> [TASK GOAL] The entries below contain a stretch that opens with the line containing "В связи с проведением" and closes with the line containing "Presenting a move-in"; set down that stretch exactly, both ends included, and nothing else.

> [AVAILABLE DATA]
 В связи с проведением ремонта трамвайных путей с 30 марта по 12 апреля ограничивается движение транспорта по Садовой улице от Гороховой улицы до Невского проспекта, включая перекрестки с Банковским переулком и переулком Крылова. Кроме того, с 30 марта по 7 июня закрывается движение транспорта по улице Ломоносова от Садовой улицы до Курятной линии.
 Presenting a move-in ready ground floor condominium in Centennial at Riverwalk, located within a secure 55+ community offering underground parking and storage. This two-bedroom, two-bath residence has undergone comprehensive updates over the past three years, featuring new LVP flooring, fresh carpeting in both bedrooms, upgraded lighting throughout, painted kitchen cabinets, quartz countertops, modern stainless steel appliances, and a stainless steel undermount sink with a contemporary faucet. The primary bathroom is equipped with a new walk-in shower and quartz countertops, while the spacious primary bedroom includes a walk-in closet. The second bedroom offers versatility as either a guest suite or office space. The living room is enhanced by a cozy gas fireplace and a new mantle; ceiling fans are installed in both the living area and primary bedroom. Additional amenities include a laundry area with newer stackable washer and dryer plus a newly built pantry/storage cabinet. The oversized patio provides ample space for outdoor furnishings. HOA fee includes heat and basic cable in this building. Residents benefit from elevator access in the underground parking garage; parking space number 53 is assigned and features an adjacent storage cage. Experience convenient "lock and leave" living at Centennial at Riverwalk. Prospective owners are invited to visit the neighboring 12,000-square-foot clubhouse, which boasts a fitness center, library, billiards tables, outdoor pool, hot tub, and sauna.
--
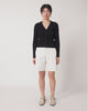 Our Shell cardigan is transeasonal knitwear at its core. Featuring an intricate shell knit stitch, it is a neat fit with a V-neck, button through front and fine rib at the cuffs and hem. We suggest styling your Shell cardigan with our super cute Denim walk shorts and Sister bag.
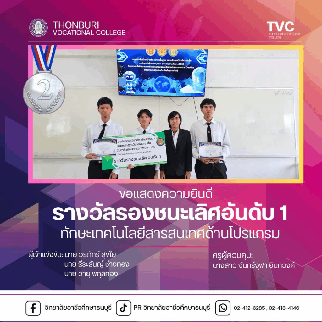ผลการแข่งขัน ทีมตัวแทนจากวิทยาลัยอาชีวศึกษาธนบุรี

> [ANSWER BOX]
 В связи с проведением ремонта трамвайных путей с 30 марта по 12 апреля ограничивается движение транспорта по Садовой улице от Гороховой улицы до Невского проспекта, включая перекрестки с Банковским переулком и переулком Крылова. Кроме того, с 30 марта по 7 июня закрывается движение транспорта по улице Ломоносова от Садовой улицы до Курятной линии.
 Presenting a move-in ready ground floor condominium in Centennial at Riverwalk, located within a secure 55+ community offering underground parking and storage. This two-bedroom, two-bath residence has undergone comprehensive updates over the past three years, featuring new LVP flooring, fresh carpeting in both bedrooms, upgraded lighting throughout, painted kitchen cabinets, quartz countertops, modern stainless steel appliances, and a stainless steel undermount sink with a contemporary faucet. The primary bathroom is equipped with a new walk-in shower and quartz countertops, while the spacious primary bedroom includes a walk-in closet. The second bedroom offers versatility as either a guest suite or office space. The living room is enhanced by a cozy gas fireplace and a new mantle; ceiling fans are installed in both the living area and primary bedroom. Additional amenities include a laundry area with newer stackable washer and dryer plus a newly built pantry/storage cabinet. The oversized patio provides ample space for outdoor furnishings. HOA fee includes heat and basic cable in this building. Residents benefit from elevator access in the underground parking garage; parking space number 53 is assigned and features an adjacent storage cage. Experience convenient "lock and leave" living at Centennial at Riverwalk. Prospective owners are invited to visit the neighboring 12,000-square-foot clubhouse, which boasts a fitness center, library, billiards tables, outdoor pool, hot tub, and sauna.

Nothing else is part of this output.